New York Times bestselling author Cecelia Ahern's charming new novel explores what happens when "what if" becomes a reality for two strangers whose lives are at a crossroads.
How can you know someone you've never met? That's the question haunting Joyce Conway these days. Recovering from a terrible accident and with her marriage in pieces, Joyce is suddenly plagued by an overwhelming sense of déjà vu that makes her feel as if the life she's living is not her own. During the day she has vivid memories of things she's never seen—such as cobblestoned Parisian streets she's never visited—and at night she dreams of a little girl she's sure she's never met.
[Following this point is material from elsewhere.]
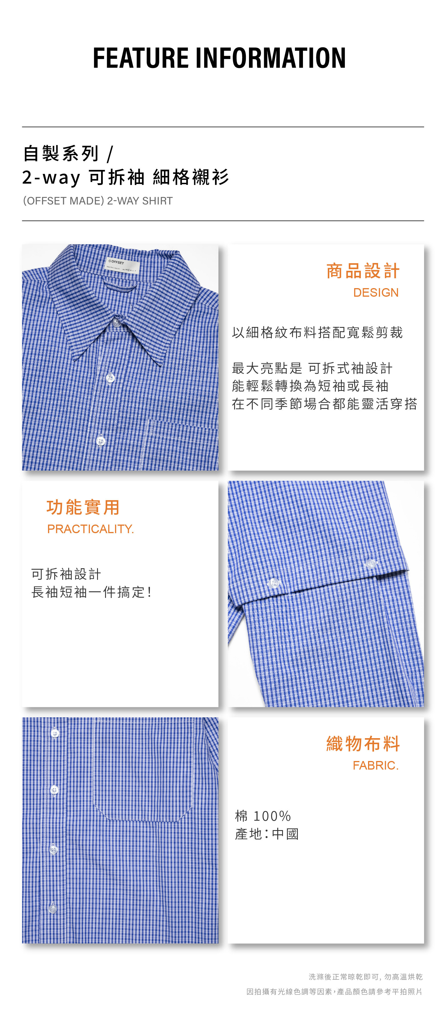 OFFSET MADE 2-WAY 可拆袖 細格襯衫 [MT054]

Joyce is convinced she's lost her mind . . . until a series of coincidences leads her on a journey to meet the one person who may hold the answer she needs.
Someone's life could be depending on you right now. . . . That's the pitch that finally persuades Justin Hitchcock to donate blood—the first thing to come straight from his heart in a long time.
Restless and lonely, Justin chased his ex-wife and daughter from Chicago to London, and now he's in Dublin, guest-lecturing to bored college students. When he receives a basket of muffins with a thank-you note attached, he's sure someone's playing a joke on him, but then the presents keep coming. Intrigued, Justin is determined to solve the mystery—a quest that will change his life forever.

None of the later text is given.